Speciality pastry from Baden, Switzerland

Spanisch Brötli ("Spanish bun", also known as Spanisch Brödli, Spanischbrötli or Spanischbrödli) is a speciality pastry from Baden, Switzerland. It is a light, flaky pastry filled with a mix of roasted, crushed hazelnuts and apricot jam. Its structure has a square of dough for the lower portion, apricot and hazelnut filling for the middle portion, and a square of dough for the upper portion.
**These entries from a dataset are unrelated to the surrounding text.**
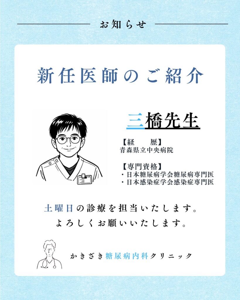 今月から新任医師(非常勤)の三橋先生をお迎えし、新体制での診療を開始することとなりました。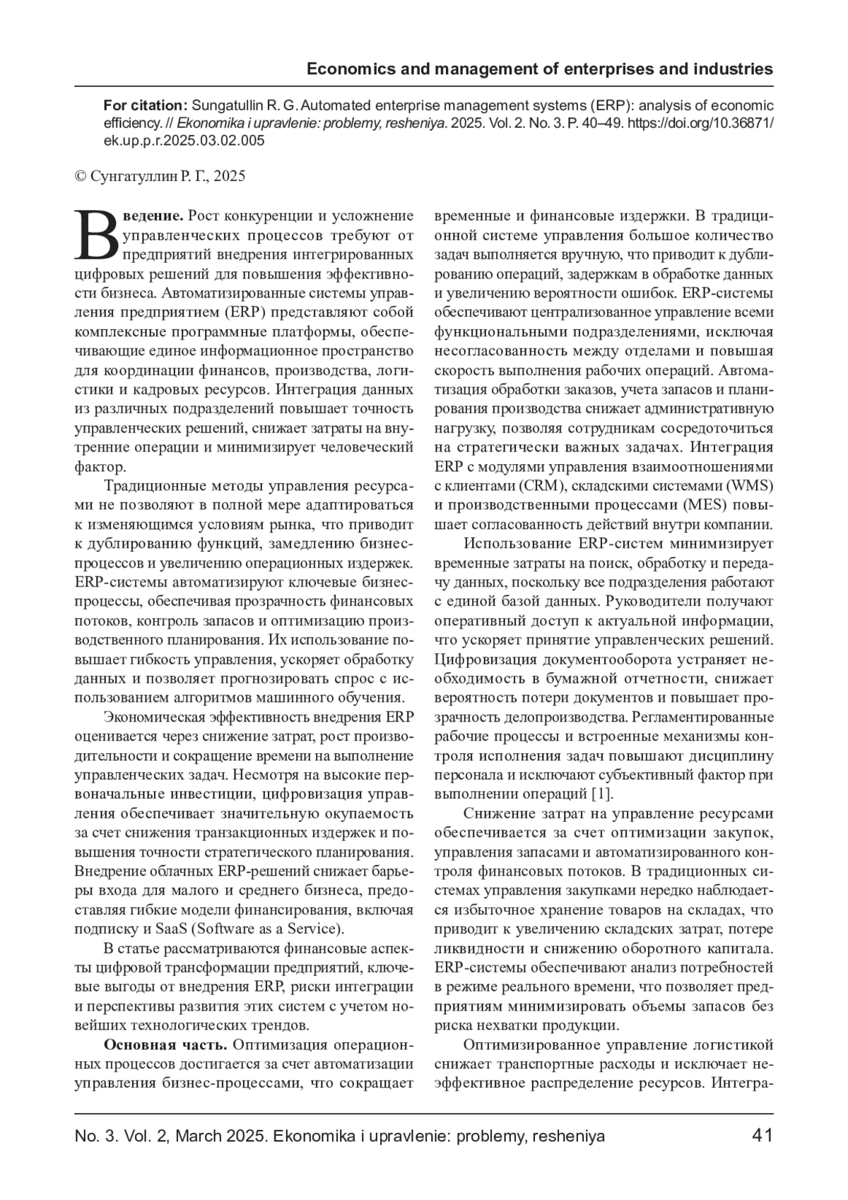 Развитие цифровых технологий повышает потребность предприятий в интеграции автоматизированных систем управления (ERP), направленных на оптимизацию бизнес- процессов и снижение операционных затрат. Внедрение ERP-систем обеспечивает централизованный контроль ресурсов, автоматизацию учета, управление финансовыми потоками и прогнозирование спроса. Экономическая эффективность этих решений выражается в повышении производительности, снижении транзакционных издержек и улучшении управления цепочками поставок. В статье анализируются инвестиционные затраты на внедрение ERP, источники финансирования, ключевые выгоды для бизнеса и возможные риски. Рассматриваются перспективы развития ERP-систем с учетом технологических трендов, включая облачные вычисления, искусственный интеллект и интеграцию с интернетом вещей.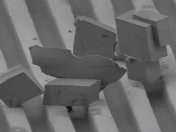 Only a few micrometer-sized lime crystals on the grooved surface under the electron microscope.

It has an "X" (or "cross") cut into the top to allow for the food to vent hot air during baking.

== History ==
Spanisch Brötli were first mentioned in a 1701 book by Samuel Hottinger about the city and baths of Baden. Brötli were very popular among the wealthy people of Zürich, so their servants had to travel 25 km to Baden by foot over night to purchase brötli in the early morning hours and bring them back to Zürich in time for breakfast.

In 1847 the Swiss Northern Railway was opened, connecting Zürich and Baden. This allowed Spanisch Brötli to be brought to Zürich in just 45 minutes, leading to the line being informally known as the Spanisch-Brötli-Bahn from then on.

During the 20th century these pastries fell out of favour and were almost forgotten until local bakeries revived the recipe in 2007, creating some new variants. Nowadays the pastry is sold under a trademark Spanischbrödli.